Despite the market’s rebound during the last few days, much of the economic data we’ve been getting points to further softening in the economy. For example, the February reading for the Empire Manufacturing Survey from the Federal Reserve Bank of New York came in at -16.6 with continued contractions in new order activity during the month.
This morning, Feb. 17, we received the Fed’s January reading on Industrial Production. While the metrics were up month over month, if you dug into the report, you would have seen that total industrial production was down 0.7% year over year. Moreover, most of the month-over-month strength was due to the jump in utility activity in January.

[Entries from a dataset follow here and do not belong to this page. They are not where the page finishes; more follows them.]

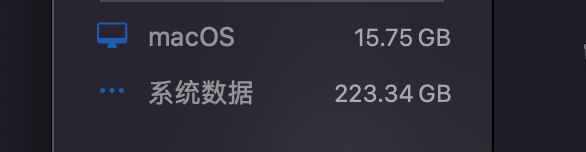 系统macOS Monterey 12.1 存储空间中“系统数据”223G
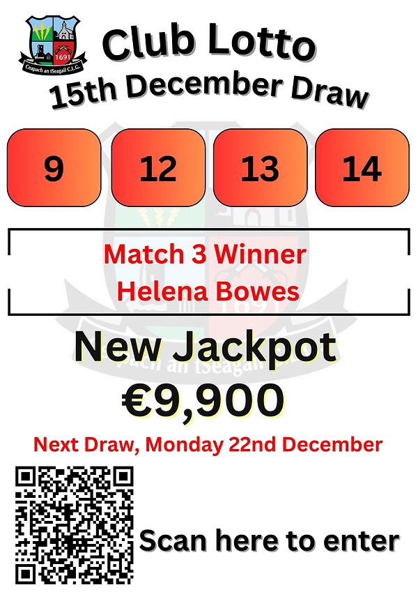 Fancy winning nearly €10,00 before Christmas. Join our lotto or gift someone the chance of winning- a perfect Christmas present.
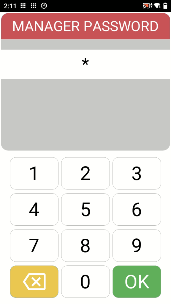 Some actions require a manager password. The default password is 1234.
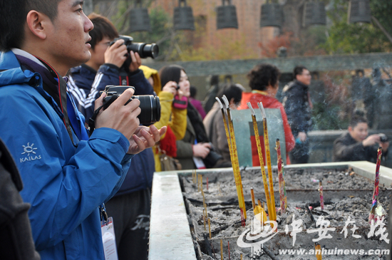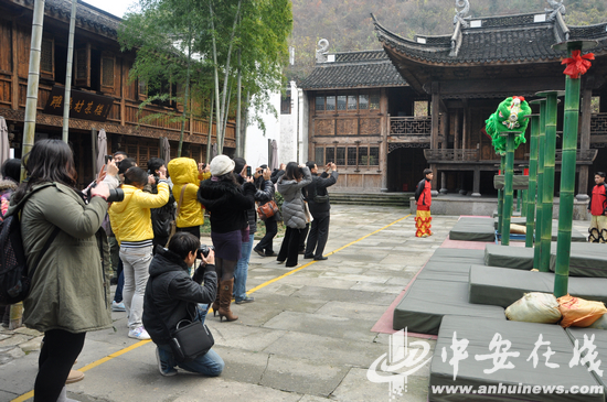 网媒记者用镜头记录天目湖出色的舞狮演出
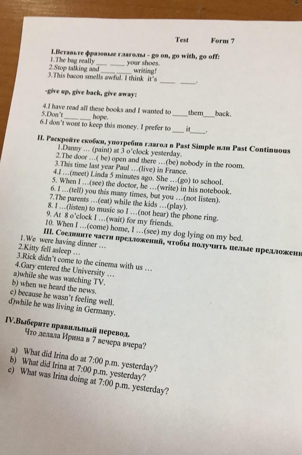 1.1) go with 2) go on 3) go off 4) give back 5) give up 6) give away.
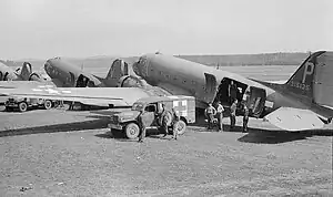 - ↑ Aircraft is Douglas C-47A-80-DL, serial 43-15135 of the 302d Troop Carrier Squadron
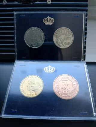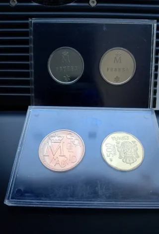 500 pesetas (pts, ptas) de 1987 Sin circular y acabado flor de cuño, FDC con fondo espejo y efigies en mate. Estas monedas se limpiaba el cuño después de cada acuñación, PROOF. Lo que hace tener un acabado superior a las monedas procedentes de cartucho. Más medalla de cobre y dos pruebas de acero. Moneda especial acuñada con los cuños vírgenes y que se incluyo en el pack Así se hace una moneda de pruebas de la F.N.M.T. para conmemorar el XXV Aniversario de la boda de SS.MM. los Reyes de España, D. Juan Carlos I y Dña Sofía. Ceca Madrid RCM FNMT
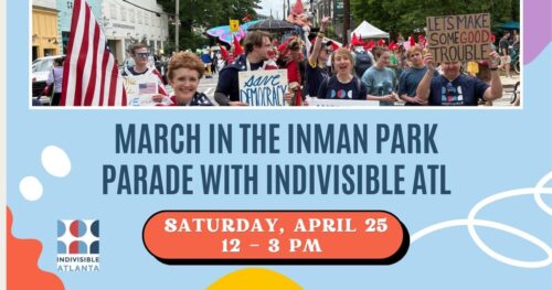 Join Indivisible ATL and our allies to march in the Inman Park Parade! This fun, family-friendly opportunity is a great opportunity to show members of our community how many Atlantans are willing to stand up for democracy.

That makes sense and I can attest firsthand to winter’s belated arrival in the latter part of December as I shoveled snow that fell more than 34-inches deep on my driveway.
As long as we continue to get economic data that raises concerns about growth expectations, either for the economy or for a company’s earnings, we’ll continue to sit on the sidelines and collect our dividends as we wait for even more attractive entry points on growth-oriented stocks.